**The problem:** Output the first line of the listing and each line after it, up to and including the line that contains "Широкий палантин с", exactly as written, minus the pictures.

**Given data:**
= = = = = = =

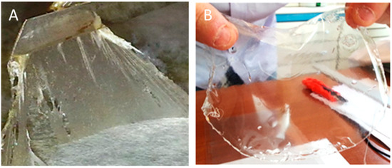 Crude PHA film (A) and transparent PHA film obtained after floating a toluene solution on a water surface (B) achieved from Pseudomonas mediterranea 9.1 using refined glycerol as carbon source (Figure 1B courtesy of Copyright Elsevier from [13]).
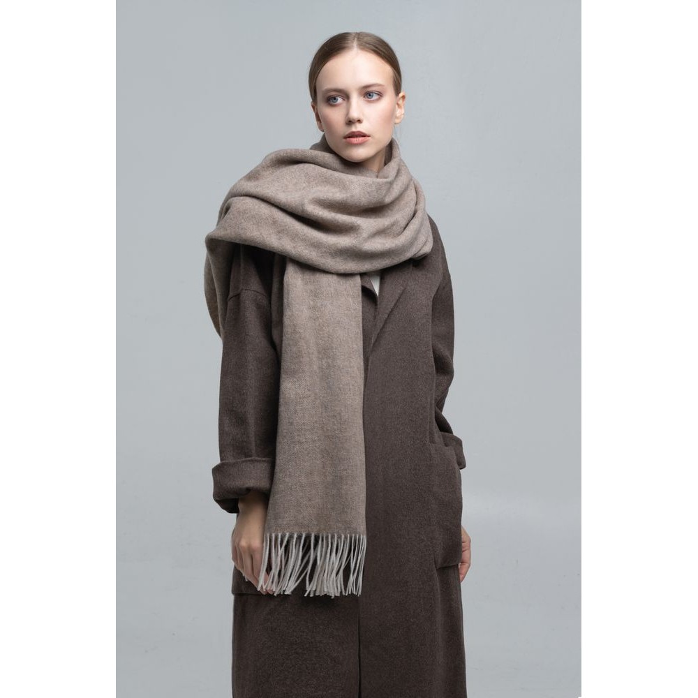 Широкий палантин с едва заметным узором плетения открывает простор фантазии — его можно использовать как шарф, головной убор или декоративный элемент для верхней одежды.
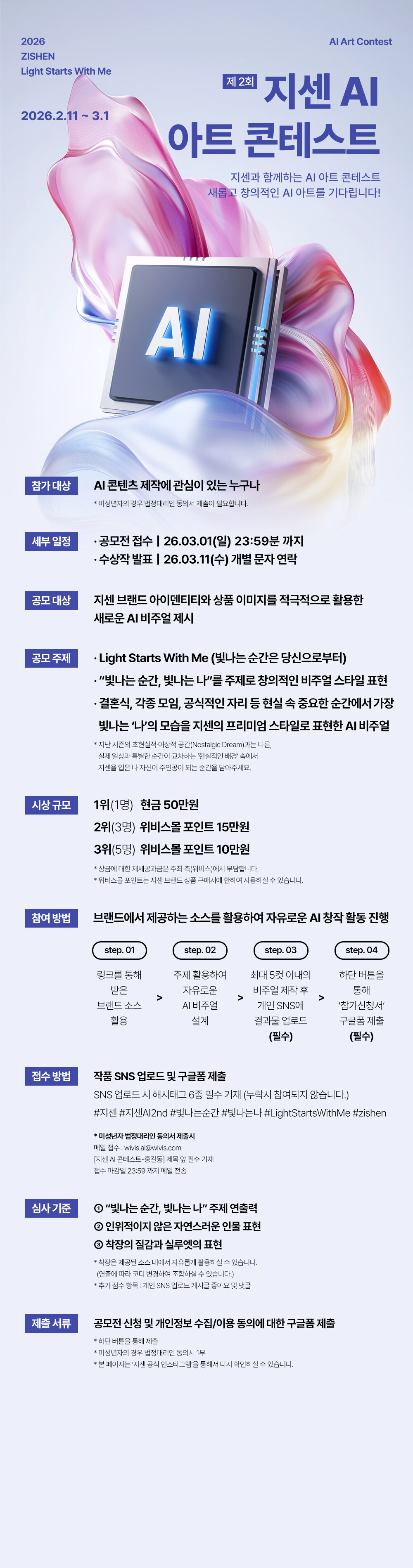 위비스몰 기획전(planSq=8292)과 공식 구글폼에 따르면 콘테스트 명칭은 '제 2회 지센 AI 아트 콘테스트'이며 접수는 구글폼 링크로 진행된다. 포스터/페이지 표기 기간은 2026-02-11부터 2026-03-01까지이며, 접수 마감은 2026-03-01 23:59, 발표 일정은 2026-03-11로 안내되어 있다. 제출 시 SNS 공개 게시글 링크와 지정 해시태그(#지센 #지센AI2nd #빛나는순간 #빛나는나 #LightStartsWithMe #zishen)를 포함해야 하며, 원본 파일은 wivis.ai@wivis.com으로 제출한다. 원본 제출 규격은 총 100MB 이하, 최대 5컷, JPG/PNG 이미지다.

= = = = = = =

**Response to this task:**
 Crude PHA film (A) and transparent PHA film obtained after floating a toluene solution on a water surface (B) achieved from Pseudomonas mediterranea 9.1 using refined glycerol as carbon source (Figure 1B courtesy of Copyright Elsevier from [13]).
 Широкий палантин с едва заметным узором плетения открывает простор фантазии — его можно использовать как шарф, головной убор или декоративный элемент для верхней одежды.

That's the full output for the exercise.